Il datore di lavoro, da suo canto, rimane la valutazione del rischio “biologico” derivante dal Coronavirus per la salute sul posto di lavoro e gli altri adempimenti connessi alla sorveglianza sanitaria sui lavoratori per il tramite del medico competente, come, ad esempio, la possibilità di sottoporre a una visita straordinaria i lavoratori più esposti.
Nel caso in cui, nel corso dell’attività lavorativa, il dipendente che svolge mansioni a contatto con il pubblico (es. URP, prestazioni allo sportello) venga in relazione con un caso sospetto di Coronavirus, lo stesso, anche tramite il datore di lavoro, provvederà a comunicare la circostanza ai servizi sanitari il Garante ha invitato tutti i titolari del trattamento ad attenersi scrupolosamente alle indicazioni fornite dal Ministero della salute e dalle istituzioni competenti per la prevenzione della diffusione del Coronavirus, senza effettuare iniziative autonome che prevedano la raccolta di dati anche sulla salute di utenti e lavoratori che non siano normativamente previste o disposte dagli organi competenti.

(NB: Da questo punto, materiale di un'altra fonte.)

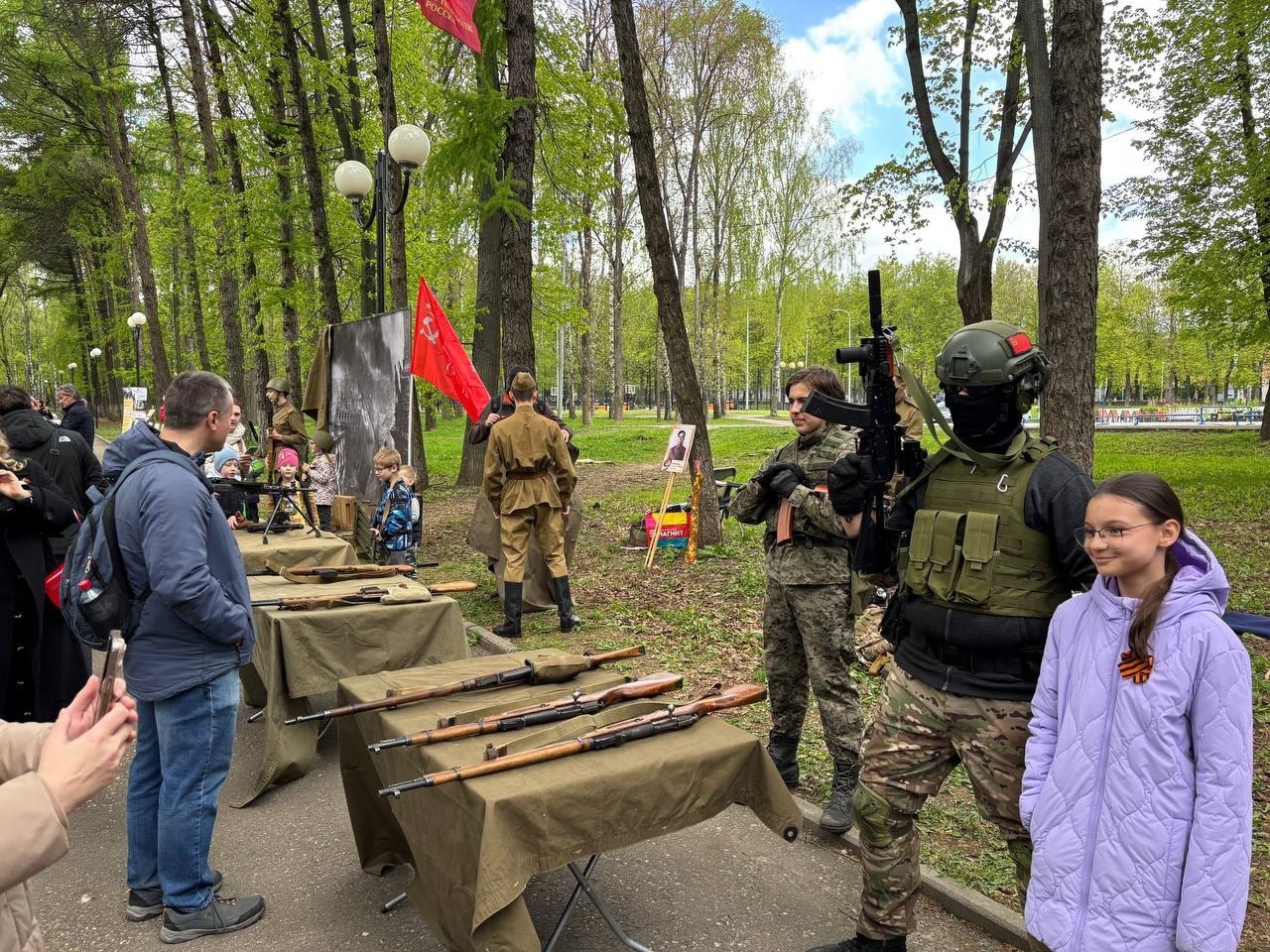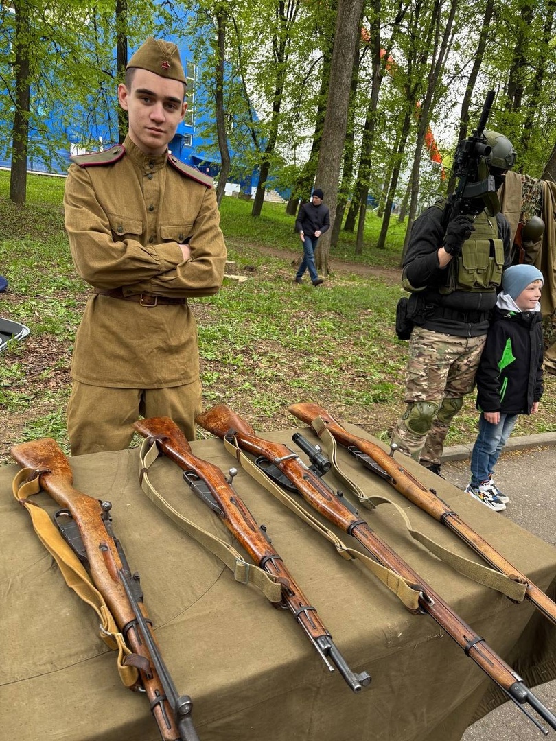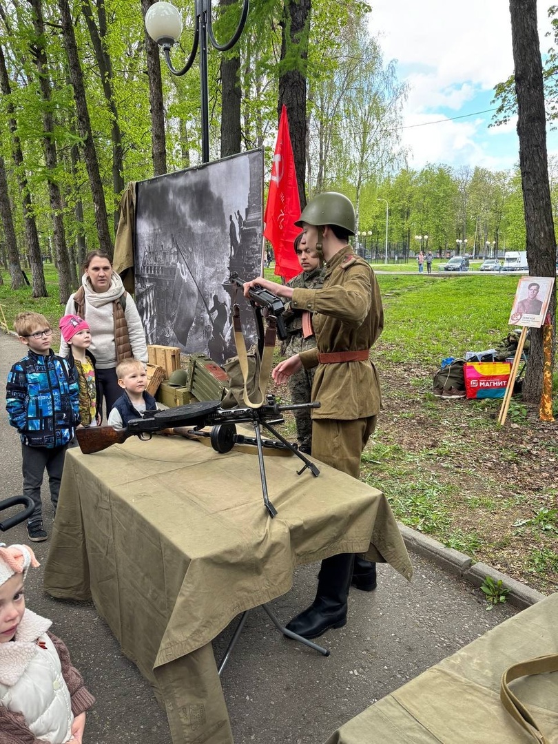 Сегодня в Центральном парке нашего города педагоги и учащиеся Дворца - проходят мастер-классы, выставка военного обмундирования и оружия, организована фотозона.

RILEVAZIONE DELLA TEMPERATURA CORPOREA AI DIPENDENTIIl lavoratore potrebbe sottoporsi alla rilevazione con i termoscanner soltanto su base volontaria, ma anche questo sarebbe da escludersi in ragione dello stato di soggezione dello stesso nei confronti del datore di lavoro, rilevano alcuni giuristi.
Il Garante ha imposto alle aziende di astenersi dall’adozione di misure fai da te che comprendano la raccolta a priori e in modo sistematico e generalizzato di informazione sulla presenza di eventuali sintomi influenzali. L’eccezione che può essere sollevata è la presenza di un interesse pubblico superiore come prevede l’articolo 9 della normativa europea Gdpr per procedere al trattamento di dati sanitari; il decreto 81 del 2008 per la sicurezza sui luoghi di lavoro che permette al datore di lavoro, tramite il medico aziendale, di tutelare la sicurezza del lavoro e dei lavoratori.